Note: There is a Pipfile here that shows the Python libraries needed. If you are not familiar, you should really check out pipenv, its really useful once you play with it a bit.

import numpy as np
import pandas as pd
from numpy import concatenate
from matplotlib import pyplot
from keras.models import Sequential
from keras.callbacks import Callback
from keras.layers import LSTM, Dense, Activation
import matplotlib.pyplot as plt
%matplotlib inline
N_DATA_ORIG = 3000 # length of data to generate
N_FEATURES = 5 # number of syntethic features to create
N_ROLLING = 1000 # length of window over which to smooth the random data to make it look realistic
N_TIMESTEPS = 5 # number of timesteps you want to both train on and predict out to
N_DATA = N_DATA_ORIG N_ROLLING # length of final data after smoothing
N_TRAIN_ITERATIONS = 5 # number of times to iterate training of the model
N_EPOCHS = 5 # within each train call how many epochs to run for
BATCH_SIZE = 100 # batch size to train on
N_LAYERS = 3 # number of layers for the LSTM
N_LSTM_UNITS = 2 # number of hidden unit in each LSTM layer
BREAK_LEN = 1000 # length of the break in the data we will create
random_break_point = np.random.choice(N_DATA) # pick a random point in the data to swap in the broken data into

Fake Data!

We will generate some random data, and then smooth it out to look realistic. This will be our ‘normal’ data that we will use to train the model.

I couldn’t help myself.

Then we will make a copy of this normal data and inject in some random noise at a certain point and for a period of time. This will be our ‘broken’ data.

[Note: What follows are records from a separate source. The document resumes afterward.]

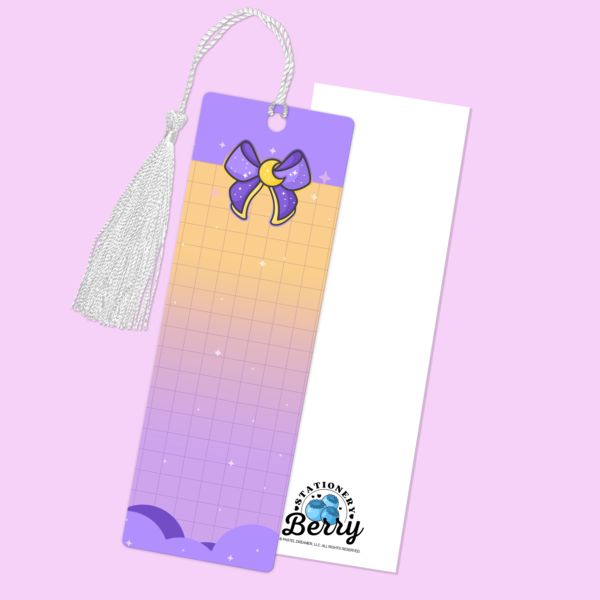 The Magical Moon Bow Purple Bookmark is a rich and dreamy page marker featuring a purple bow with a gold moon at its center, set against a purple and gold sky with soft purple clouds and a white tassel.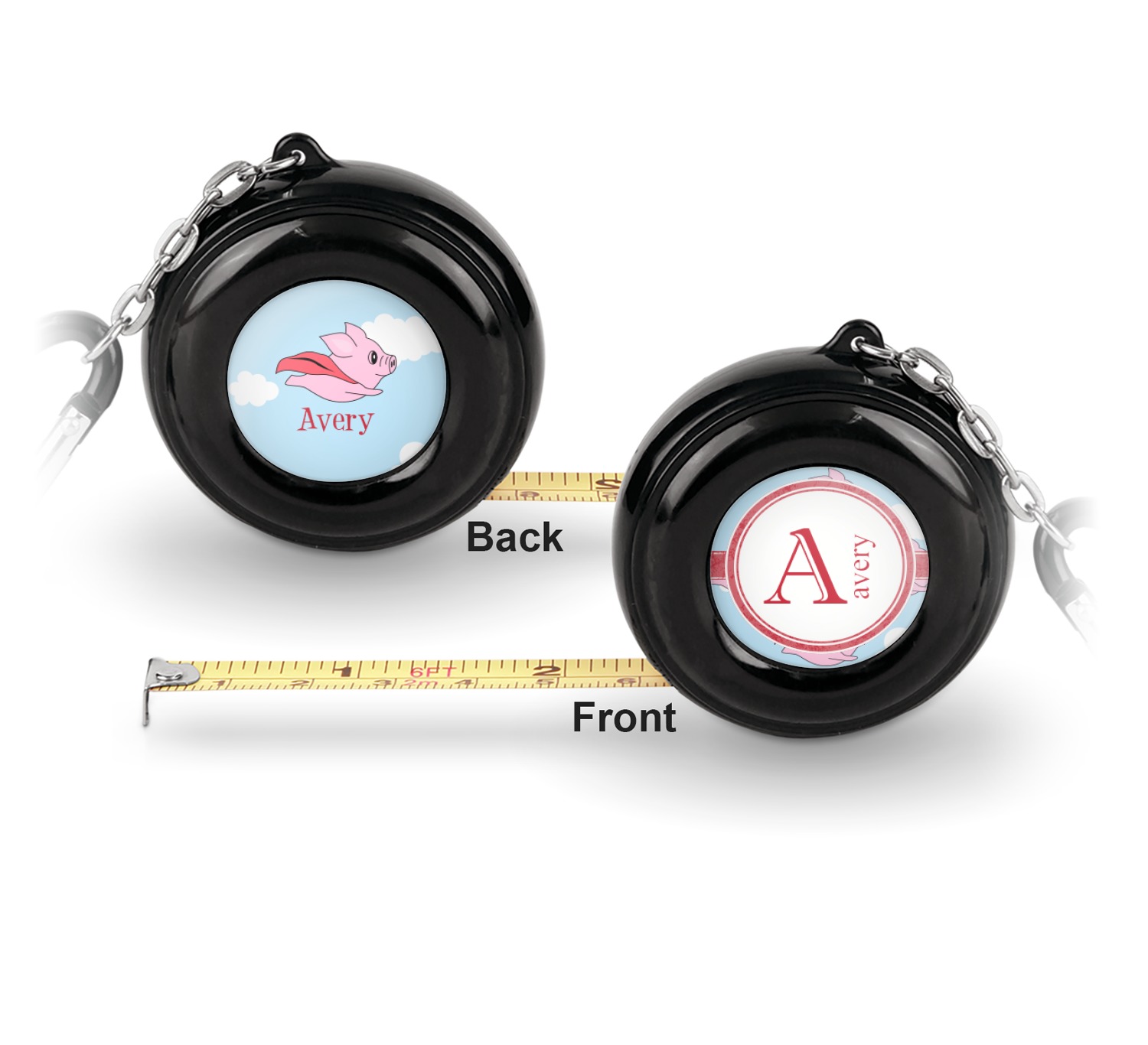 Now for personalizing! You get to personalize both sides of your tape measure. Have fun picking a cute pattern, font, or graphic! Make your personality shine through this fun tool.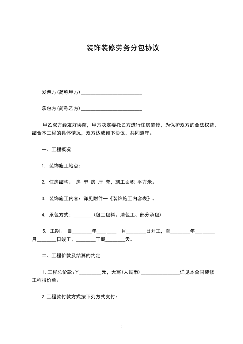 4. 承包方式:________(包工包料、清包工、部分承包)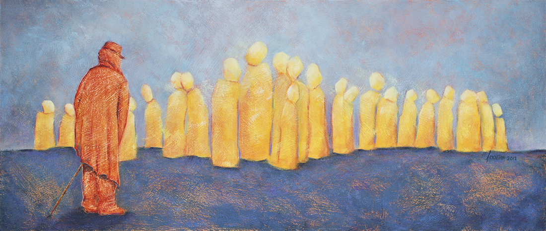 Schilderij Paneel Uitzien Geliefden Hereniging Dood Eeuwig Leven Blauw Oranje Bijbels Christelijk Geloof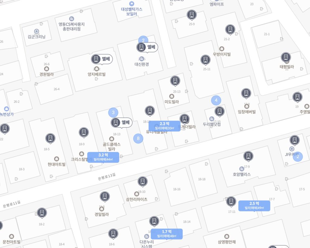 주변 매물들의 시세를 조회하다보면 원하는 지역의 빌라들의 시세를 쉽게 파악할 수 있다는 사실~!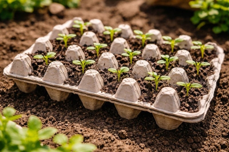 Karton yumurta kutuları kağıt bazlı olduğu için doğada kolayca çözünür. Fideler büyüdüğünde kartonla birlikte toprağa gömülebilir. Bu sayede kökler zarar görmeden gelişimini sürdürür.

So this ‘broken’ data is the data that we should see the model struggle with in terms of prediction error. It’s this error (aggregated and summarized in some way, e.g. turned into a z-score) that you could then use to drive an anomaly score (you could also use loss from the continually re-training on new data whereby the training loss should initially spike once the broken data comes into the system but over time the training would then adapt the model to the new data).

# make some noisy but smooth looking data
data = np.sqrt(np.random.rand(N_DATA_ORIG,N_FEATURES))
df_data = pd.DataFrame(data)
df_data = df_data.rolling(window=N_ROLLING).mean()
df_data = df_data.dropna()
df_data = df_data.head(N_DATA)
print(df_data.shape)
data = df_data.values
# plot the normal healthy data
fig, ax = plt.subplots(num=None, figsize=(14, 6), dpi=80, facecolor='w', edgecolor='k')
size = len(data)
for x in range(data.shape[1]):
ax.plot(range(0,size), data[:,x], '-', linewidth=1)

This gives us our normal-ish real word looking data that we will use to train the model.

5 random time series that have been smoothed a bit to look realistic.

To make our ‘broken’ data (called data_new in the code) i lazily just copy the ‘normal’ data but mess up a segment of it with some random noise.

# make some random data
data_rand = np.random.rand(N_DATA,N_FEATURES)
data_new = np.copy(data)
# at a random point for a certain number of steps, swap out the smooth data with some random data
data_new[random_break_point🙁random_break_point+BREAK_LEN)] = data_rand[random_break_point🙁random_break_point+BREAK_LEN)]
# plot the new data
fig, ax = plt.subplots(num=None, figsize=(14, 6), dpi=80, facecolor='w', edgecolor='k')
size = len(data_new)
for x in range(data_new.shape[1]):
ax.plot(range(0,size), data_new[:,x], '-', linewidth=0.5)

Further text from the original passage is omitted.